Pepe [PEPE] has once again sparked excitement in the market, especially in the memecoin niche. Since its inception a few weeks ago, it has created enough hype to make the token a word in every mouth. Messari posted a tweet on 10 May highlighting PEPE’s journey, which has astounded many over the course of time. 


How much are 1,10,100 PEPEs worth today     


Analyzing PEPE’s journey

PEPE, which went live a little over three weeks ago on 14 April, surpassed 100,000 on-chain holdings. When compared to the past rise of other rapidly expanding Ethereum-based currencies, Pepe’s journey was more remarkable.

This was also evident from a look at Santiment’s chart, which revealed a substantial spike in the number of PEPE holders.

Source: Santiment

In addition to that, Messari’s tweet pointed out that the token was displaying a similar growth pattern to Shiba Inu [SHIB] but at a much higher pace in terms of average value per holder. This is commendable, as it makes PEPE a top contender among the memecoins. 

The unprecedented surge

Thanks to the hype the memecoin created, it was still trending at #1 on CoinMarketCap at press time. The coin registered triple-digit growth over the last few weeks.

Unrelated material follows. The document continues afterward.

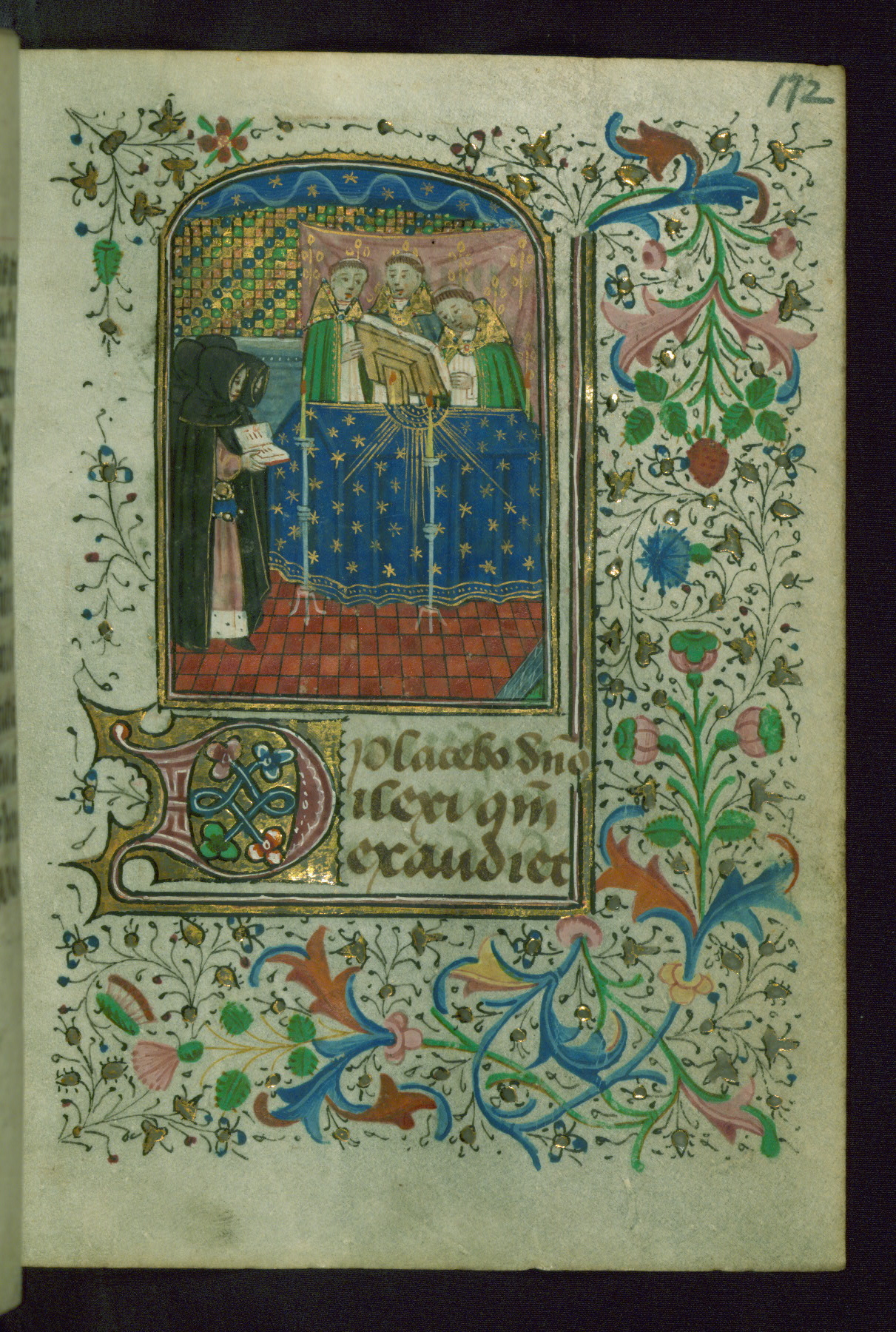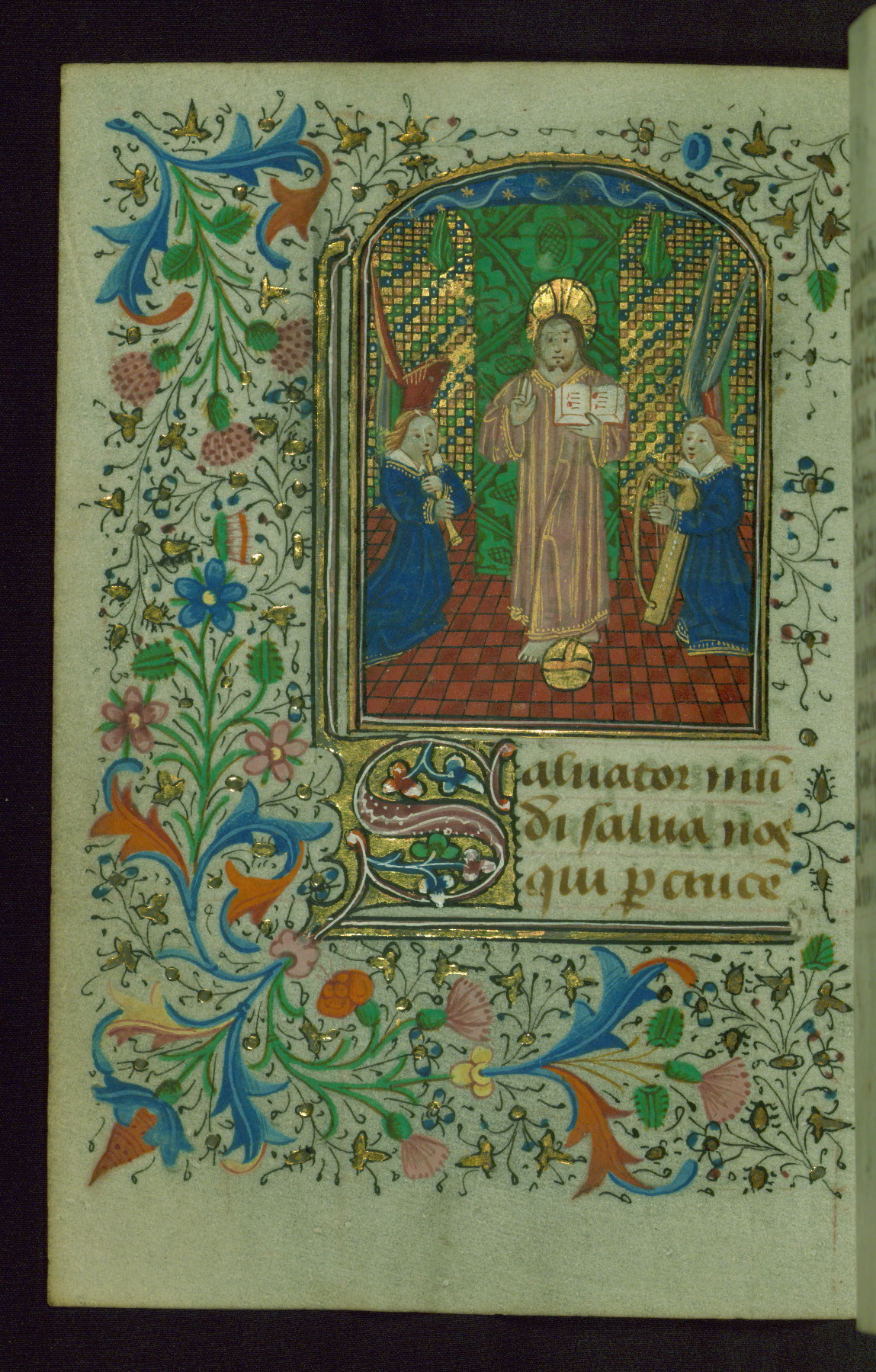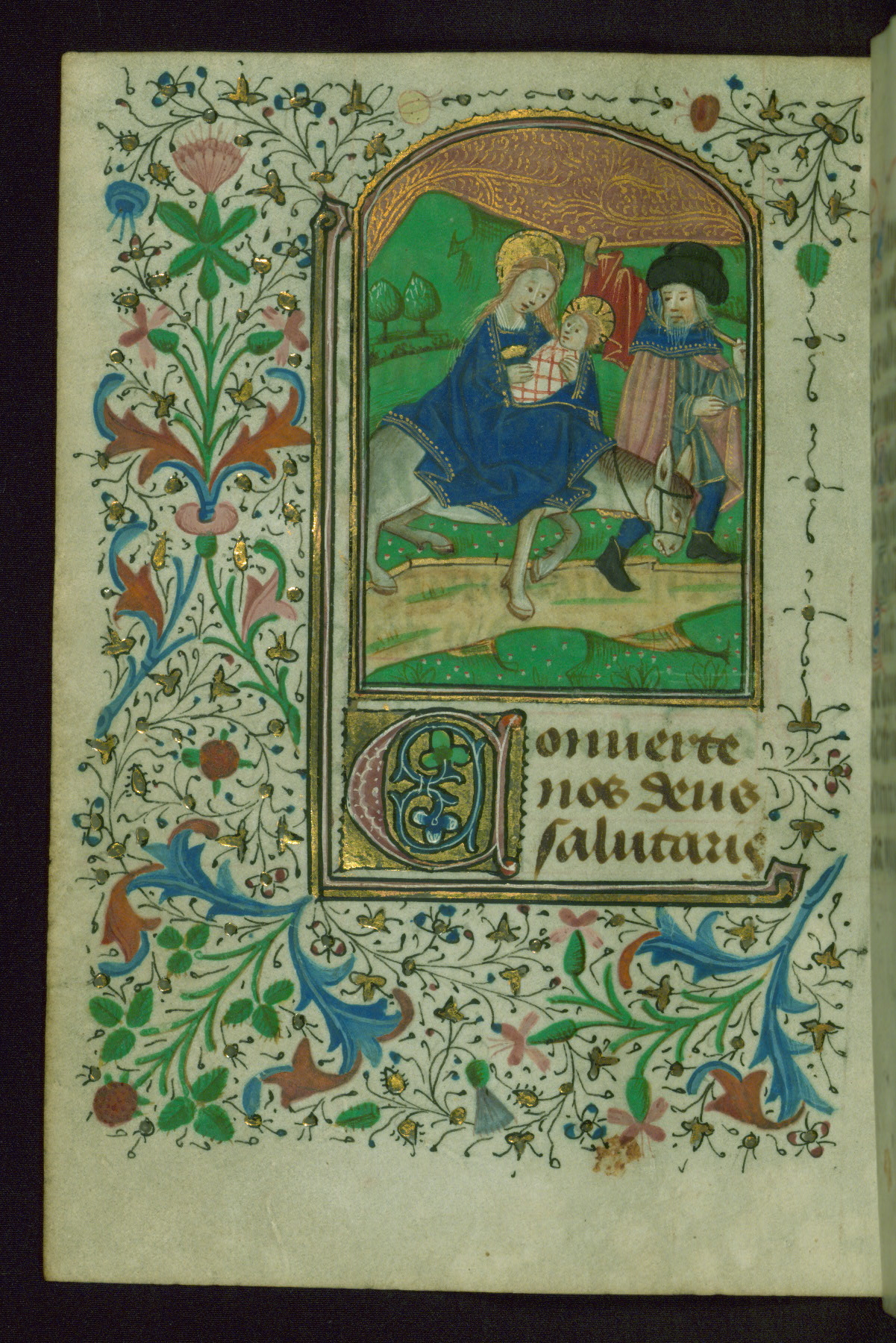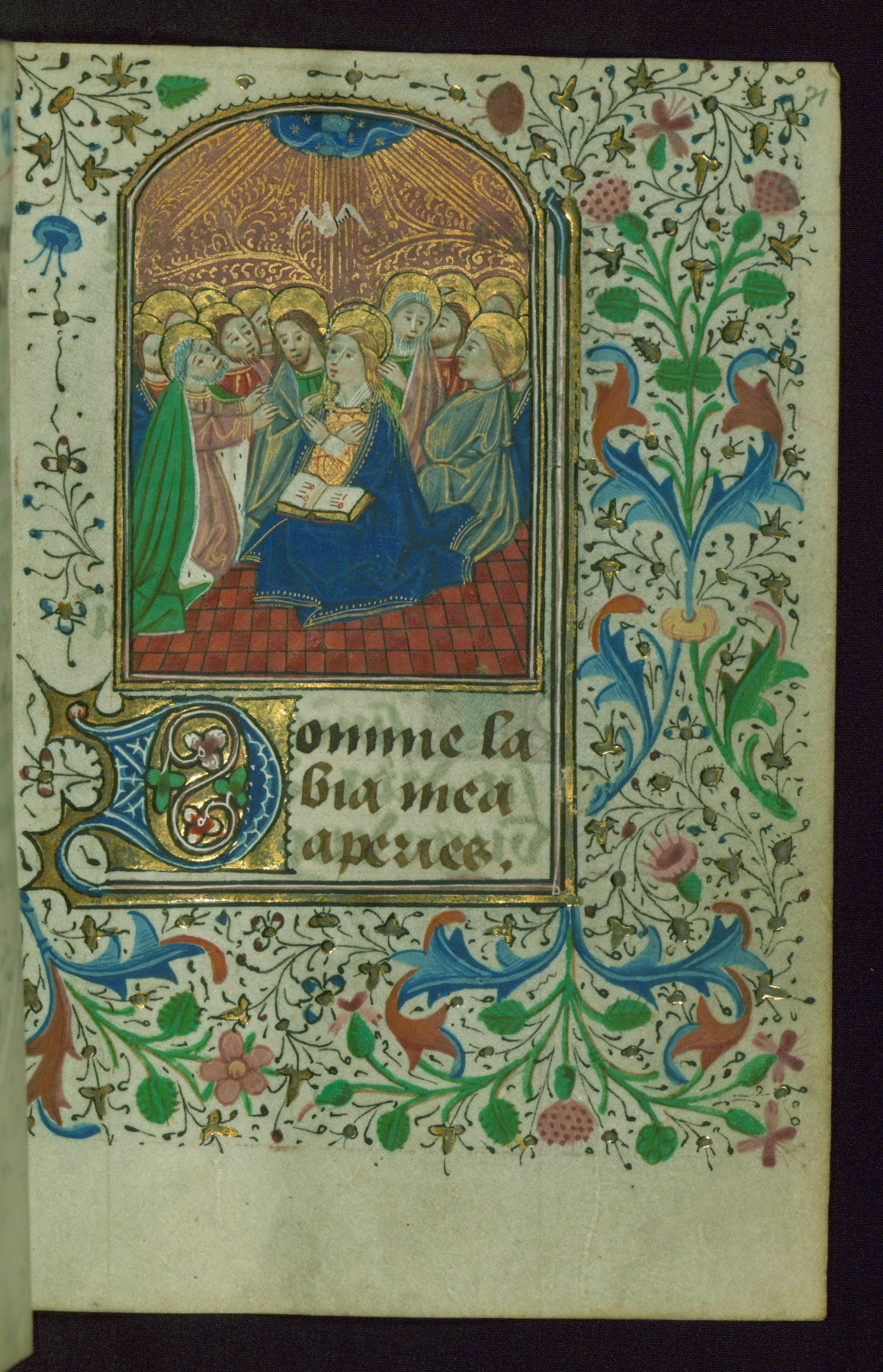 - Decoration note: Twenty-two extant full-page miniatures (two lacking after fols. 132 and 271); illuminated margins around full-page miniatures with flora; large decorated initials at each incipit (3 lines); small initials at secondary text divisions (2 lines); left-aligned flourished initials in litany and in text at versals (1 line); line fillers in gold and blue; rubrics in red; text in brown ink
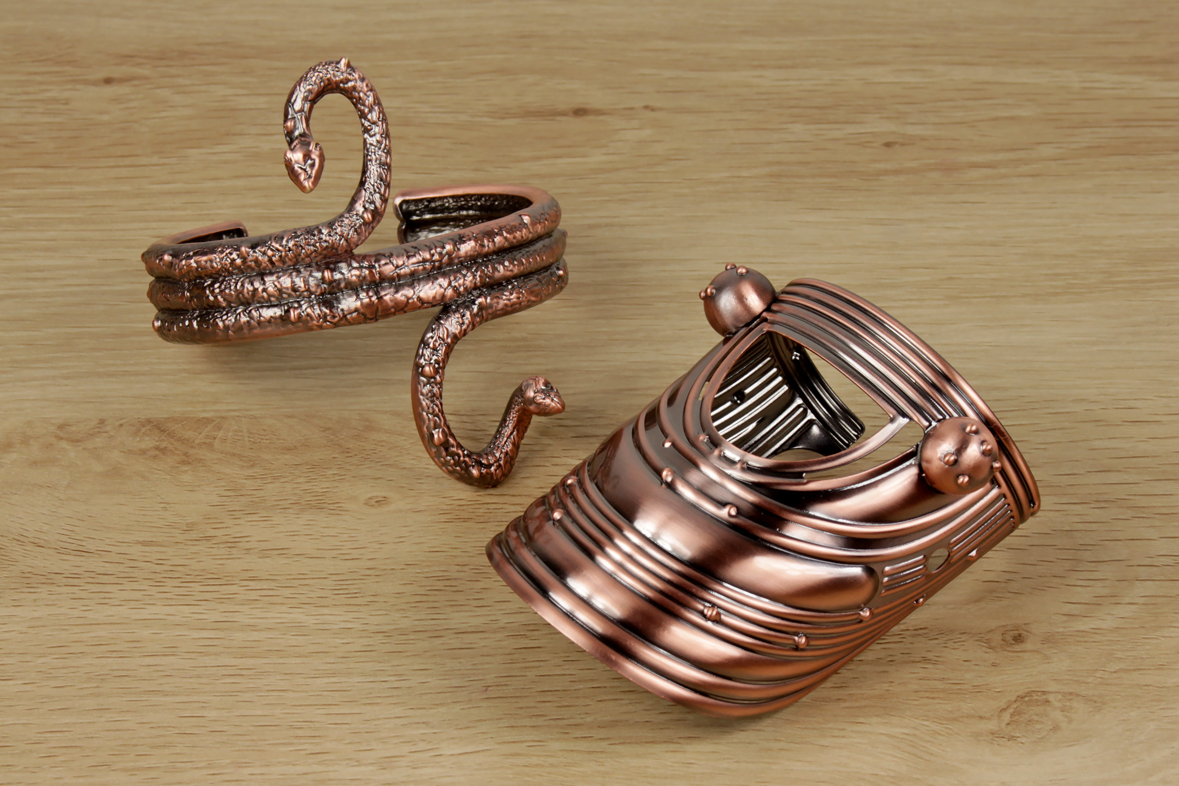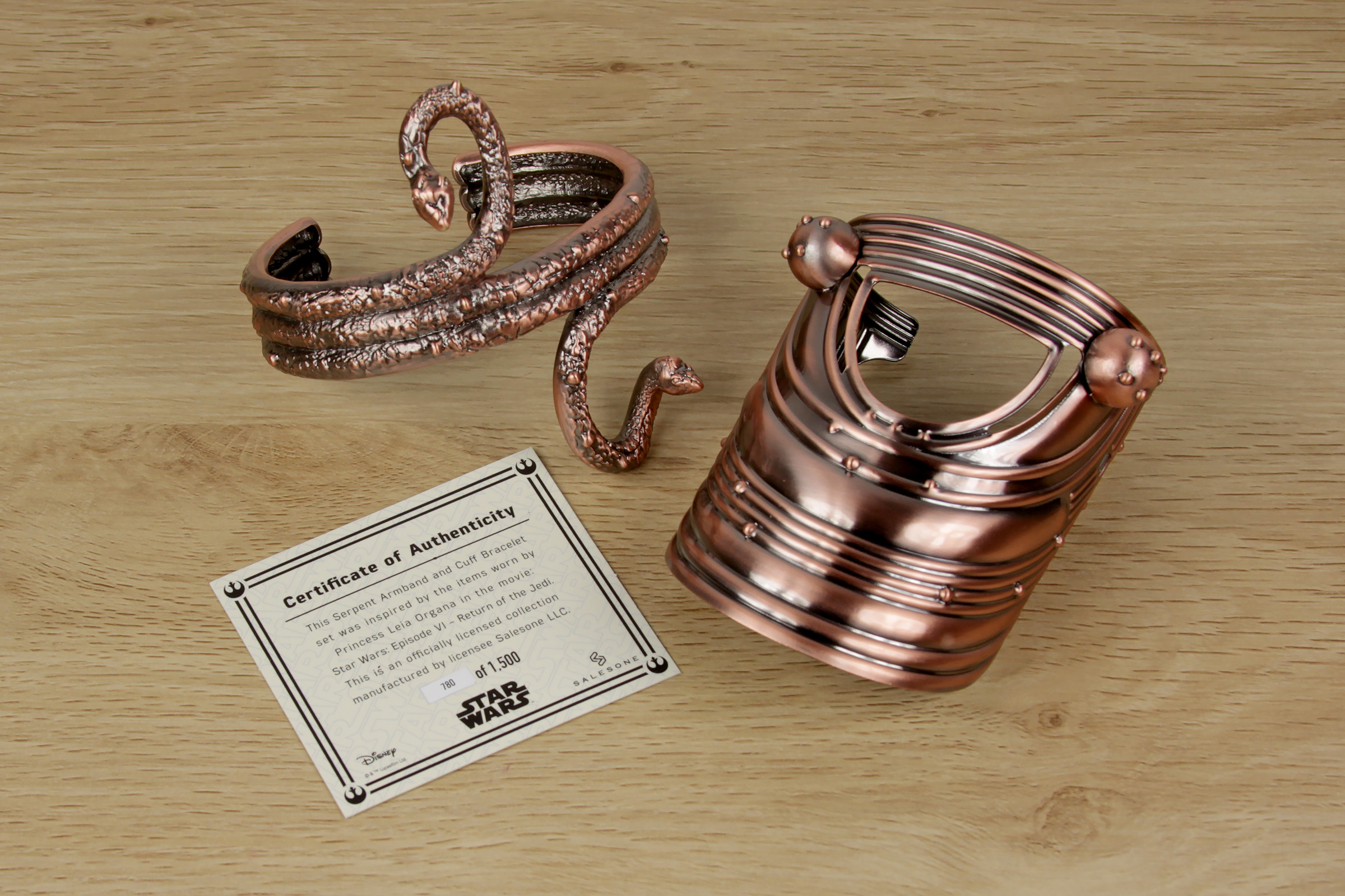 The set is a limited edition of 1,500 pieces, each with a numbered certificate of authenticity. The set includes a bracelet and armband, replicas from the metal bikini outfit Princess Leia wears in Jabba’s palace in Return Of The Jedi. The jewelry comes in a black display box, with the edition number on the top, and a neat hyperspace print inside the lid.

At the time of writing, PEPE’s price increased by more than 85% in the last seven days. The memecoin was trading at $0.000001941 with a market capitalization of over $760 million.

Are the good days coming to an end?

PEPE’s growth momentum has slowed down over the last few days. The memecoins’ price only increased by over 3% in the last 24 hours.

For instance, the memecoin’s supply on exchanges registered an increase lately. This was accompanied by a decline in supply outside of exchanges, which is a typical bear signal.

In addition to that, whale transactions increased while the crossover happened, suggesting that the big shots were selling their assets at a profit. 

Source: Santiment

PEPE enthusiasts should be cautious 

A look at the rest of the metrics was also concerning. PEPE’s network growth and daily active addresses registered a decline. This indicated less activity and a decreased number of new addresses created daily.

The memecoin’s volume also declined, indicating a lower willingness of investors to trade the token. Moreover, its one-week price volatility also sank, decreasing the chances of a sudden uptrend. 

Source: Santiment


Realistic or not, here’s PEPE market cap in BTC‘s terms   


Bears to take over?

As per the Exponential Moving Average (EMA) Ribbon, the bears were buckling up as the distance between the 20-day and 55-day EMA was reducing.

PEPE’s Money Flow Index (MFI) and Chaikin Money Flow (CMF) both registered downticks, which increased the chances of a price decline in the coming days.